Raw data:
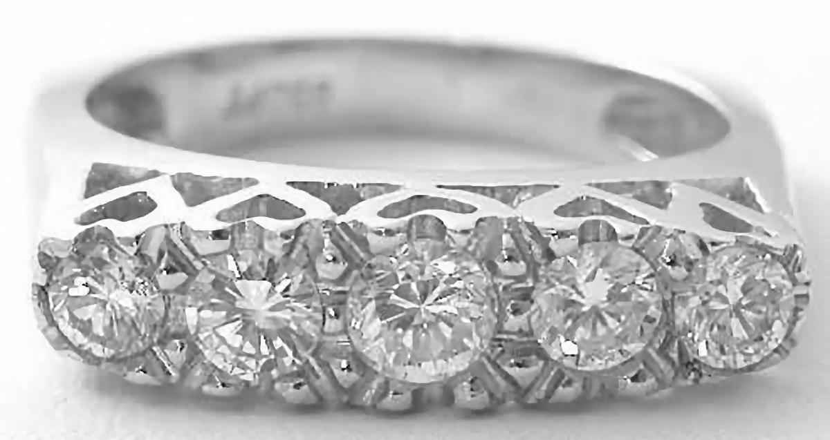 Solid Platinum Real Diamond Anniversary Band Ring. 5 Stone Ring with Heart Gallery.    0.80 carat Diamond Ring in Platinum with Heart Gallery
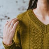 Stella, by Oregon-based designer Jennifer Parroccini, presents a stunning mock cable pullover featuring a clever cross stitch pattern running up the front and around the back hem. This simple stitch pattern is quick to memorize, resulting in a beautiful pullover to pair with jeans, skirt, or over a dress this fall. This pullover is made from the bottom up in pieces and seamed. The neckline is picked up after seaming and worked in the round.
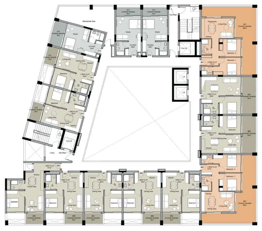The apartments are designed with a strong focus on practicality, comfort, and contemporary urban living. Each residence features carefully planned layouts that optimise space, natural light, and everyday functionality, creating interiors that feel both efficient and welcoming. Clean architectural lines, modern finishes, and thoughtfully selected materials contribute to a cohesive living environment that balances style with durability. Every detail is considered to support a comfortable lifestyle, offering residents well-designed homes suited to the rhythm of modern city living.
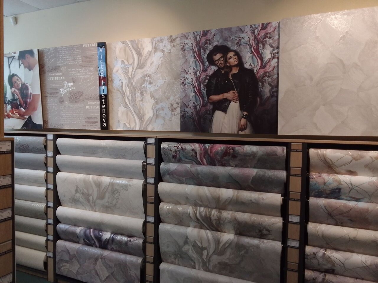 Очень богатый выбор, можно подобрать обои на любой вкус. В основном, светлые , пастельные тона и широкие,мало узких, мне везёт , я только здесь нахожу то, что мне нужно, продавец охотно и понятно проконсультировала по поводу клея, спасибо, я довольна, что магазин в шаговой доступности.

How to complete this task: Return the complete material exactly as it appears, without images.

Result of this exercise:
 Solid Platinum Real Diamond Anniversary Band Ring. 5 Stone Ring with Heart Gallery.    0.80 carat Diamond Ring in Platinum with Heart Gallery
 Stella, by Oregon-based designer Jennifer Parroccini, presents a stunning mock cable pullover featuring a clever cross stitch pattern running up the front and around the back hem. This simple stitch pattern is quick to memorize, resulting in a beautiful pullover to pair with jeans, skirt, or over a dress this fall. This pullover is made from the bottom up in pieces and seamed. The neckline is picked up after seaming and worked in the round.
The apartments are designed with a strong focus on practicality, comfort, and contemporary urban living. Each residence features carefully planned layouts that optimise space, natural light, and everyday functionality, creating interiors that feel both efficient and welcoming. Clean architectural lines, modern finishes, and thoughtfully selected materials contribute to a cohesive living environment that balances style with durability. Every detail is considered to support a comfortable lifestyle, offering residents well-designed homes suited to the rhythm of modern city living.
 Очень богатый выбор, можно подобрать обои на любой вкус. В основном, светлые , пастельные тона и широкие,мало узких, мне везёт , я только здесь нахожу то, что мне нужно, продавец охотно и понятно проконсультировала по поводу клея, спасибо, я довольна, что магазин в шаговой доступности.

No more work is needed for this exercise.